EDITORIAL: When nebulous safety concerns trump childhood
January 1, 2020 - 9:00 pm
The end of a year typically features a plethora of “best” or “worst” lists from the previous 12 months. In that spirit, Lenore Skenazy doesn’t disappoint.
Ms. Skenazy, who started the Free Range Kids website, has gained acclaim — and some notoriety — for criticizing the excesses of helicopter parenting and for pushing back against the notion that dread and danger lurk around every corner for unsupervised children. Ms. Skenazy contends that today’s kids are more likely to become self-reliant, healthy adults if they are allowed a modicum of independence, as were youngsters of past generations.
In a piece for reason.com, Ms. Skenazy highlights an octet of examples in 2019 in which “authority figures went to crazy lengths to deprive kids of autonomy in the name of nebulous safety concerns.” Here are the dumbest of the bunch.
■ Before kids could participate in an Easter egg hunt at Cal-Berkeley, their parents had to sign a waiver accepting the possibility that those searching for the colored objects could potentially suffer “catastrophic injuries including paralysis or death.” The event, we can thankfully report, went off without the loss of a single child.
■ The Seattle-area mother of a 9-year-old girl who wanted to earn extra money helping neighbors with chores got a visit from the police after she posted a note online advertising “mother’s helper available.” The woman told Ms. Skenazy that neighbors apparently called the authorities thinking she was “using my child as a slave.” The sheriff explained to the mother that he was forced to stop by for a welfare check after receiving the complaints.

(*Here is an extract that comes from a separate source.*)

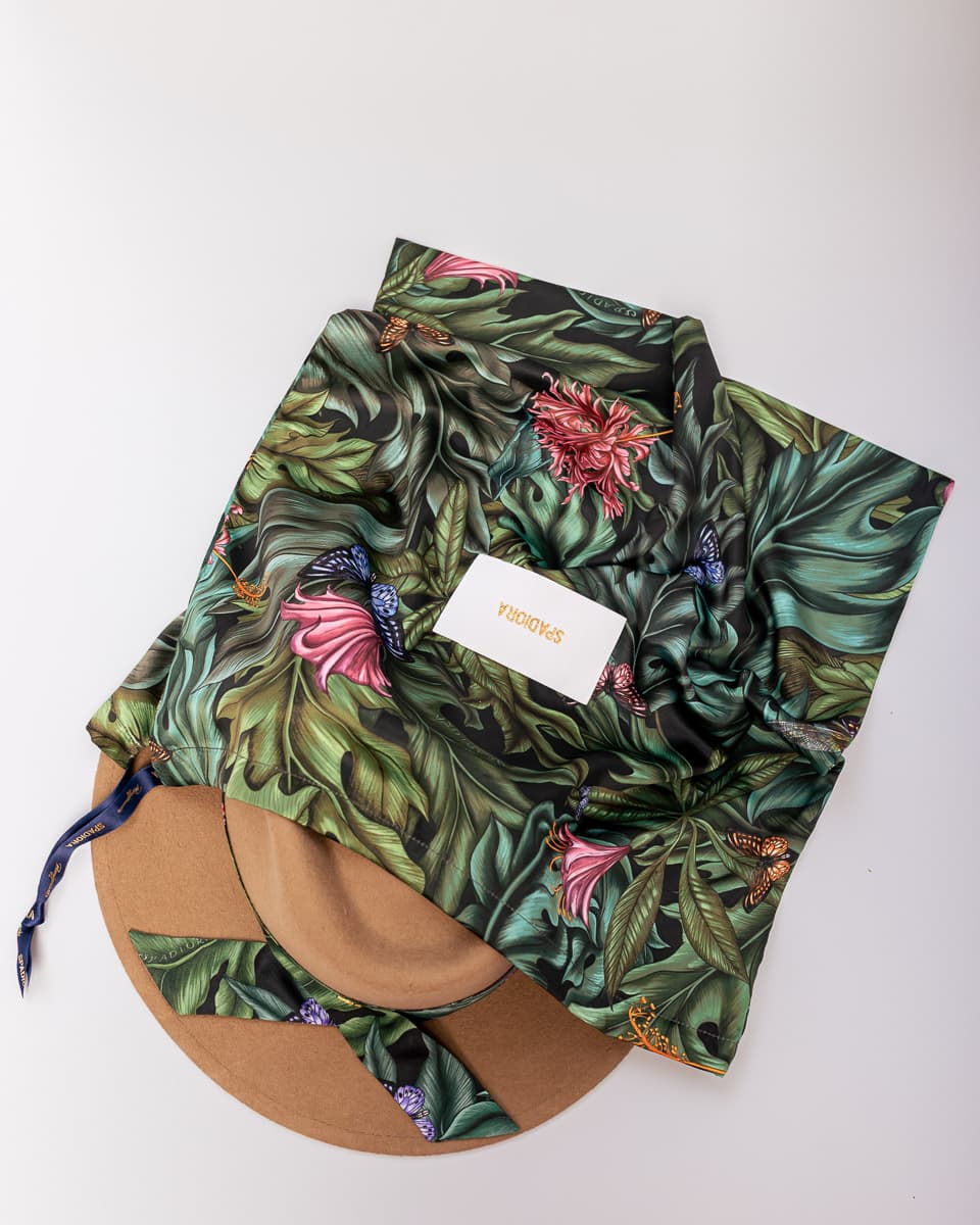 Produkt w całości zaprojektowany i uszyty ręcznie w Polsce, a jedwabna szarfa do kapelusza oraz pokrowiec powstały w pracowni krawieckiej Spadiory. Produkt najwyższej jakości stworzony z dbałością o każdy szczegół.

■ A Kentucky woman became an outlaw when she left her six kids in the car for 10 minutes while running into a cafe to get them muffins. An agent from child protective services and a police officer later showed up at her doorstep and, without parental permission, conducted strip searches of the kids to look for abuse. The case was eventually closed as “unfounded,” The Washington Post reports, but the family has filed a lawsuit.
■The mayor of Baltimore, falling for an old urban myth that plays into today’s ubiquitous fears about child kidnappings, took to the airwaves with a dire warning. “We’re getting reports of somebody in a white van trying to snatch up young girls for human trafficking and for selling body parts,” he told a local TV station. The hysteria apparently started when a local woman posted on Facebook that two men in a white van wouldn’t stop staring at her when she was at a gas station.
A few years back, Ms. Skenazy’s Free Range Parent movement helped pass a Utah law that minimizes the chances those who allow their children to play unsupervised or engage in some other independence-building endeavor will be charged with neglect. Other states are considering similar legislation. Nevada lawmakers should follow suit.